From LIF to QIF: Toward Differentiable Spiking Neurons for Scientific Machine Learning
Ruyin Wan, George Em Karniadakis, Panos Stinis
TL;DR
This work addresses the challenge of training spiking neural networks for continuous regression and PDE solving by introducing Quadratic Integrate-and-Fire (QIF) neurons as differentiable alternatives to Leaky Integrate-and-Fire (LIF). By embedding QIF dynamics into MLPs, DeepONets, and PINNs and contrasting against LIF in both direct training and ANN-to-SNN conversion, the authors demonstrate that QIF enables smooth gradient propagation and reduces jagged, non-physical artifacts in predictions. Across function regression, operator learning, and PDE benchmarks, QIF-based models deliver smoother, more accurate results and robust optimization, highlighting the potential of differentiable spiking dynamics to bridge neuroscience-inspired computation with physics-informed and operator-learning frameworks. The findings suggest that QIF can facilitate more reliable, scalable, and energy-efficient spiking architectures suitable for SciML, with promising implications for neuromorphic hardware and large-scale, event-driven computation.
Abstract
Spiking neural networks (SNNs) offer biologically inspired computation but remain underexplored for continuous regression tasks in scientific machine learning. In this work, we introduce and systematically evaluate Quadratic Integrate-and-Fire (QIF) neurons as an alternative to the conventional Leaky Integrate-and-Fire (LIF) model in both directly trained SNNs and ANN-to-SNN conversion frameworks.

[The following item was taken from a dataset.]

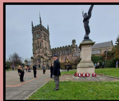
Immanuel Church, Birmingham

The Cenotaph at Kidderminster where a wreath was laid on behalf of all Kidderminster Masons
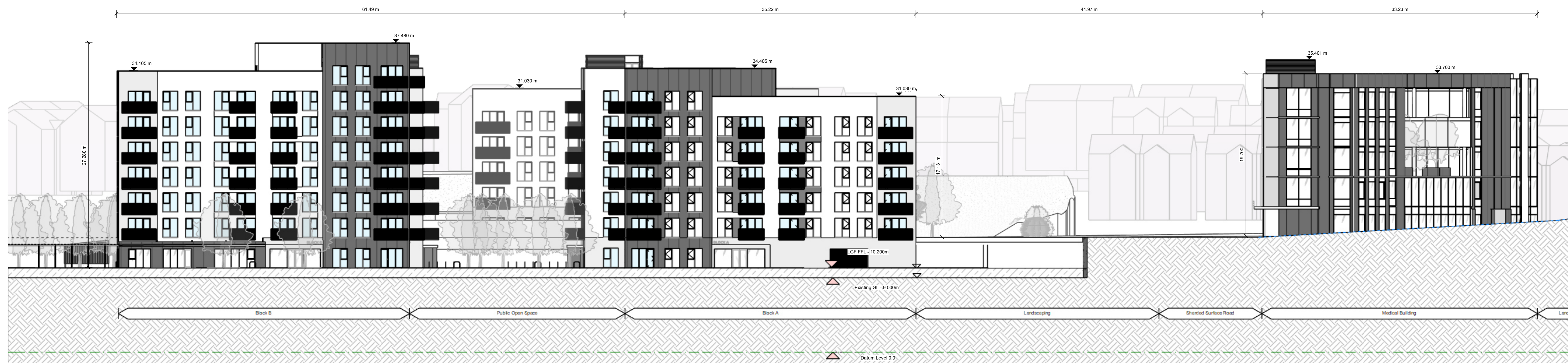
Sectional Elevation A-A - Zone 01 1:200

The QIF neuron exhibits smooth and differentiable spiking dynamics, enabling gradient-based training and stable optimization within architectures such as multilayer perceptrons (MLPs), Deep Operator Networks (DeepONets), and Physics-Informed Neural Networks (PINNs). Across benchmarks on function approximation, operator learning, and partial differential equation (PDE) solving, QIF-based networks yield smoother, more accurate, and more stable predictions than their LIF counterparts, which suffer from discontinuous time-step responses and jagged activation surfaces. These results position the QIF neuron as a computational bridge between spiking and continuous-valued deep learning, advancing the integration of neuroscience-inspired dynamics into physics-informed and operator-learning frameworks.